● **Activity**
Please reproduce the entries below exactly, omitting any images they contain.

(Data excerpts)
○ ○ ○
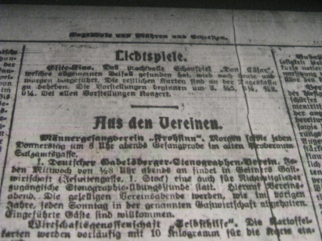 | Programme Description (DE) | Das bereits angekündigte und mit grosser Spannung erwartete Drama mit Max Neufeld und anderen berühmten Wiener Künstlern gelangt ab heute zur Vorführung. Die Vorstellungen beginnen um 3, 1/2 5, 6.15, 3/4 8, 9.30. Bei allen Vorstellungen Konzert: Tagesbote aus Mähren und Schlesien | 1918-11-19 | 540 | 100 |
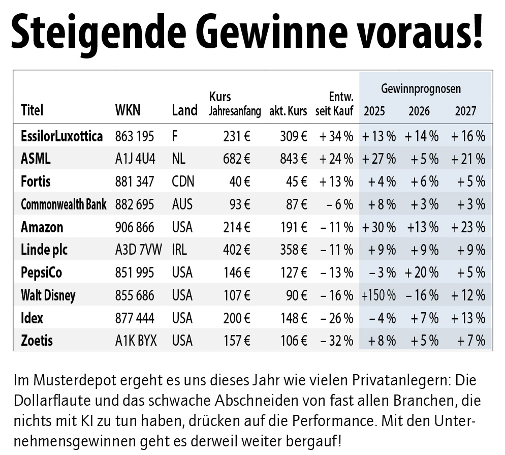 Seit der letzten Ausgabe haben viele unserer Musterdepotwerte zur Aufholjagd angesetzt. Angesichts der Perspektiven beim Gewinn sieht es ohnehin gut aus.
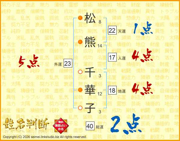 松(8画)熊(14画) 千(3画)華(12画)子(3画)
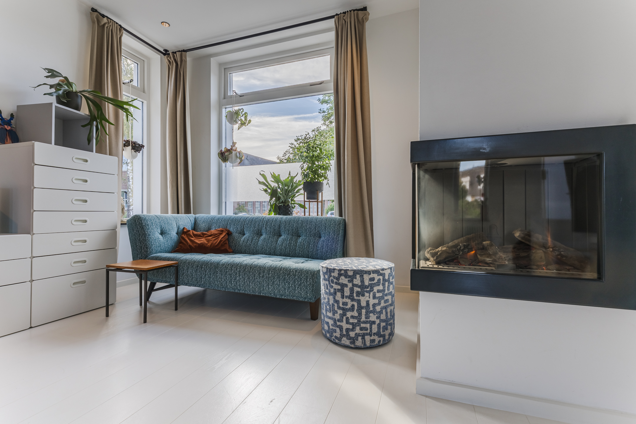 The spacious living area benefits from abundant natural light, underfloor heating, and a gas fireplace. The living room connects openly to the kitchen-diner but can be separated by elegant pivot doors. A practical cellar provides additional storage, and the unique raised room (opkamer) offers access to the first floor.
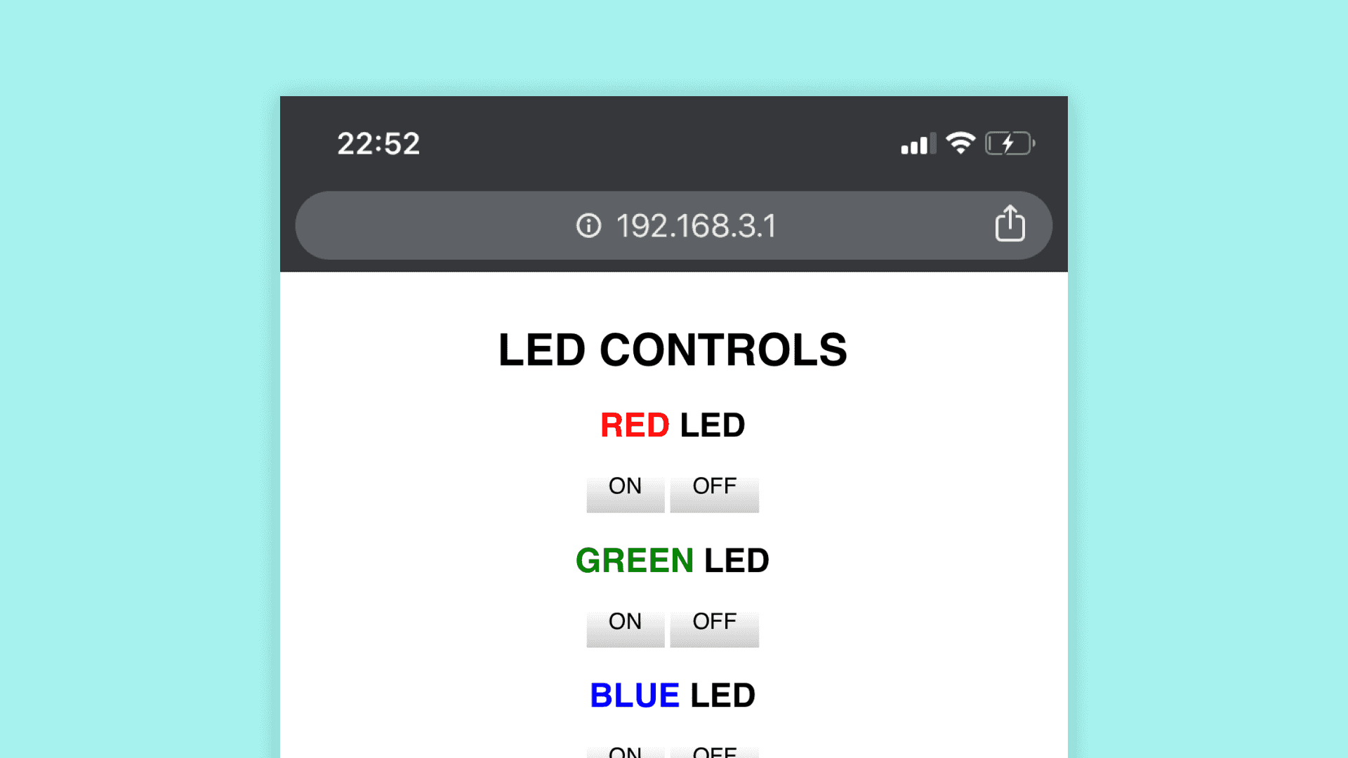 98 // the content of the HTTP response follows the header:99 client.print("<html><head>");100 client.print("<style>");101 client.print("* { font-family: sans-serif;}");102 client.print("body { padding: 2em; font-size: 2em; text-align: center;}"); 103 client.print("a { -webkit-appearance: button;-moz-appearance: button;appearance: button;text-decoration: none;color: initial; padding: 25px;} #red{color:red;} #green{color:green;} #blue{color:blue;}");104 client.print("</style></head>");105 client.print("<body><h1> LED CONTROLS </h1>");106 client.print("<h2><span id=\"red\">RED </span> LED </h2>");107 client.print("<a href=\"/Hr\">ON</a> <a href=\"/Lr\">OFF</a>");108 client.print("<h2> <span id=\"green\">GREEN</span> LED </h2>");109 client.print("<a href=\"/Hg\">ON</a> <a href=\"/Lg\">OFF</a>");110 client.print("<h2> <span id=\"blue\">BLUE</span> LED </h2>");111 client.print("<a href=\"/Hb\">ON</a> <a href=\"/Lb\">OFF</a>");112 client.print("</body></html>");113
○ ○ ○
● **Task answer**
 | Programme Description (DE) | Das bereits angekündigte und mit grosser Spannung erwartete Drama mit Max Neufeld und anderen berühmten Wiener Künstlern gelangt ab heute zur Vorführung. Die Vorstellungen beginnen um 3, 1/2 5, 6.15, 3/4 8, 9.30. Bei allen Vorstellungen Konzert: Tagesbote aus Mähren und Schlesien | 1918-11-19 | 540 | 100 |
 Seit der letzten Ausgabe haben viele unserer Musterdepotwerte zur Aufholjagd angesetzt. Angesichts der Perspektiven beim Gewinn sieht es ohnehin gut aus.
 松(8画)熊(14画) 千(3画)華(12画)子(3画)
 The spacious living area benefits from abundant natural light, underfloor heating, and a gas fireplace. The living room connects openly to the kitchen-diner but can be separated by elegant pivot doors. A practical cellar provides additional storage, and the unique raised room (opkamer) offers access to the first floor.
 98 // the content of the HTTP response follows the header:99 client.print("<html><head>");100 client.print("<style>");101 client.print("* { font-family: sans-serif;}");102 client.print("body { padding: 2em; font-size: 2em; text-align: center;}"); 103 client.print("a { -webkit-appearance: button;-moz-appearance: button;appearance: button;text-decoration: none;color: initial; padding: 25px;} #red{color:red;} #green{color:green;} #blue{color:blue;}");104 client.print("</style></head>");105 client.print("<body><h1> LED CONTROLS </h1>");106 client.print("<h2><span id=\"red\">RED </span> LED </h2>");107 client.print("<a href=\"/Hr\">ON</a> <a href=\"/Lr\">OFF</a>");108 client.print("<h2> <span id=\"green\">GREEN</span> LED </h2>");109 client.print("<a href=\"/Hg\">ON</a> <a href=\"/Lg\">OFF</a>");110 client.print("<h2> <span id=\"blue\">BLUE</span> LED </h2>");111 client.print("<a href=\"/Hb\">ON</a> <a href=\"/Lb\">OFF</a>");112 client.print("</body></html>");113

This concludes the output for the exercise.